Last Friday the World Bank published new research on decarbonising the maritime transport sector with findings that indicate significant business and development opportunities for countries, including for developing and emerging economies.
Two reports were published covering marine fuels. The first report ‘The Potential of Zero-Carbon Bunker Fuels in Developing Countries’, identifies two alternative fuels – ammonia and hydrogen – as the most promising zero-carbon bunker fuels for shipping at present, more scalable and cost-competitive than other biofuel or synthetic carbon-based options.
The second report entitled ‘The Role of LNG in the Transition Toward Low- and Zero-Carbon Shipping’, is in sharp contrast to industry sentiment and actions and finds ‘that liquefied natural gas (LNG) is likely to play a limited role in the decarbonisation of the shipping sector, noting its specific niche applications on pre-existing routes or in specific vessel types. The research further recommends that countries should avoid new public policy that supports LNG as a bunker fuel, reconsider existing policy support, and continue to regulate methane emissions.
By transitioning toward zero-carbon shipping, many countries, especially those with large renewable energy resources, can break into a future zero-carbon fuel market, while modernising their own domestic energy and industrial infrastructure. The reports evaluate which developing and developed countries may be well positioned to take advantage of this emerging investment opportunity, and present initial case studies for Brazil, India, Mauritius and Malaysia.

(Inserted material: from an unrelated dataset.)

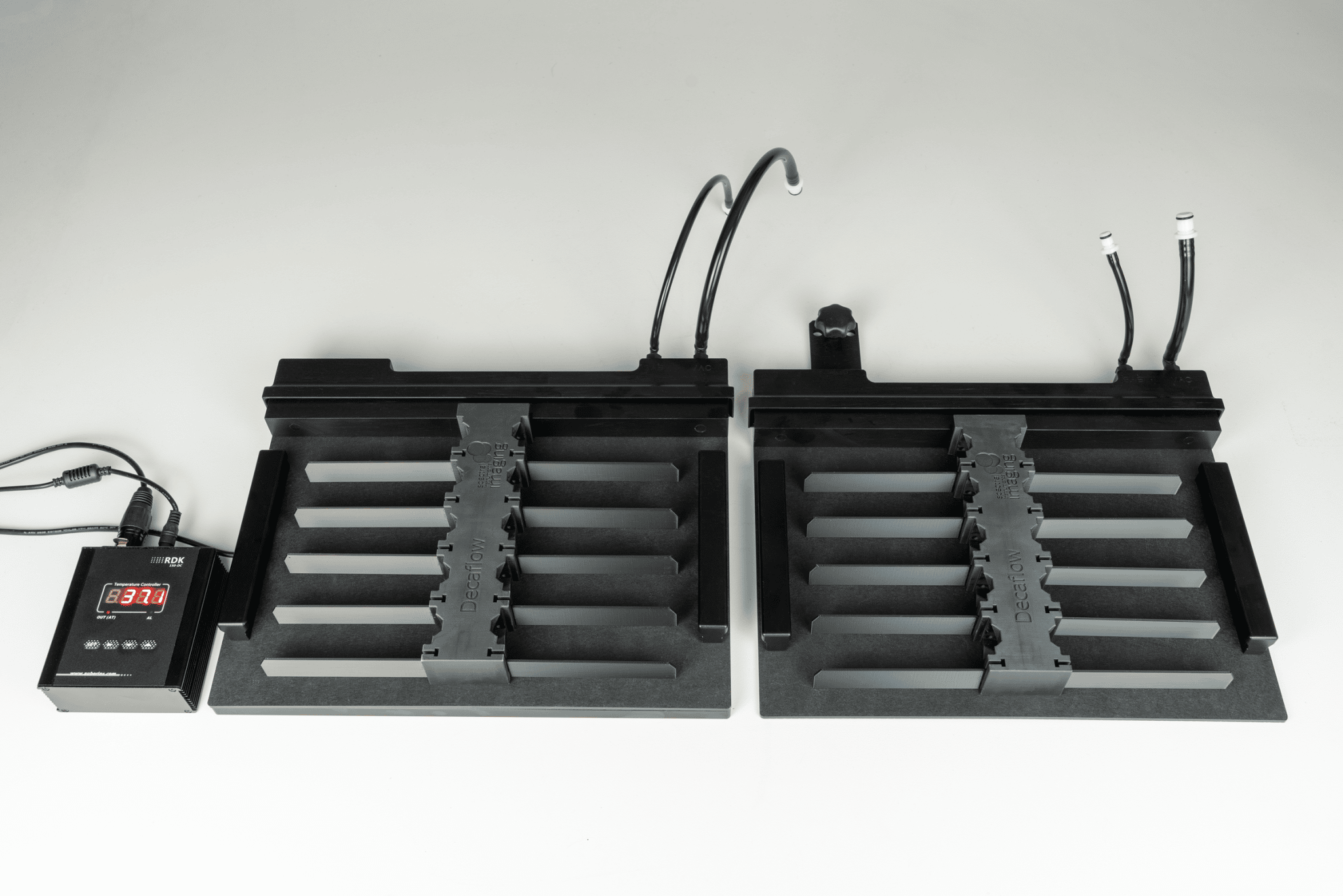 DecaFlow Animal Management System for Lago and Lago X allows for increased efficiency and accurate animal positioning. Easily stage 10 mice on the heated benchtop tray while the second tray is being imaged. Quickly swap trays for non-stop imaging!

“The maritime community, particularly in developing countries, has a unique opportunity in the context of these emerging zero-carbon bunker fuels.” said Bernice Van Bronkhorst, Global Director for Climate Change at the World Bank. “Not only will they help decarbonize shipping, but they can also be used to boost domestic infrastructure needs and chart a course for low-carbon development more generally.”
“Zero-carbon fuels will need to represent at least five percent of the bunker fuel mix by 2030 to put shipping on a GHG trajectory consistent with the Initial IMO GHG Strategy, as well as the Paris Agreement’s temperature goals,” said Binyam Reja, World Bank Acting Global Director for Transport. “This means they need to be scaled up rapidly. These reports will be critical to help accelerate their targeted development and deployment.”
“It is vital that we address the impacts of maritime transport on ocean health, which is at the heart of the Bank’s transition to a Blue Economy. These reports offer policymakers useful tools to achieve a triple win – a healthier ocean, improved air quality and reduced GHG emissions,” said Karin Kemper, Global Director for Environment, Natural Resources and the Blue Economy.
The research makes the case that strategic policy interventions are needed to hasten the sector’s energy transition and seize opportunities for wider economic, energy, and industrial development in developing countries. For instance, the introduction of a meaningful carbon price would create a level playing field for the development and utilisation of zero-carbon bunker fuels. Revenue generated by such a market-based measure can help support developing countries in their energy transitions and accelerate crucial research, development, and deployment of these fuels. Business should also focus on “no-regret” options, such as increased energy efficiency and maximum fuel flexibility. Constructive collaboration between industry stakeholders and policymakers, both at the IMO and on a national/regional level, can also create greater certainty on the availability, pricing, and timing of zero-carbon bunker fuels which can further boost their rapid uptake from 2030.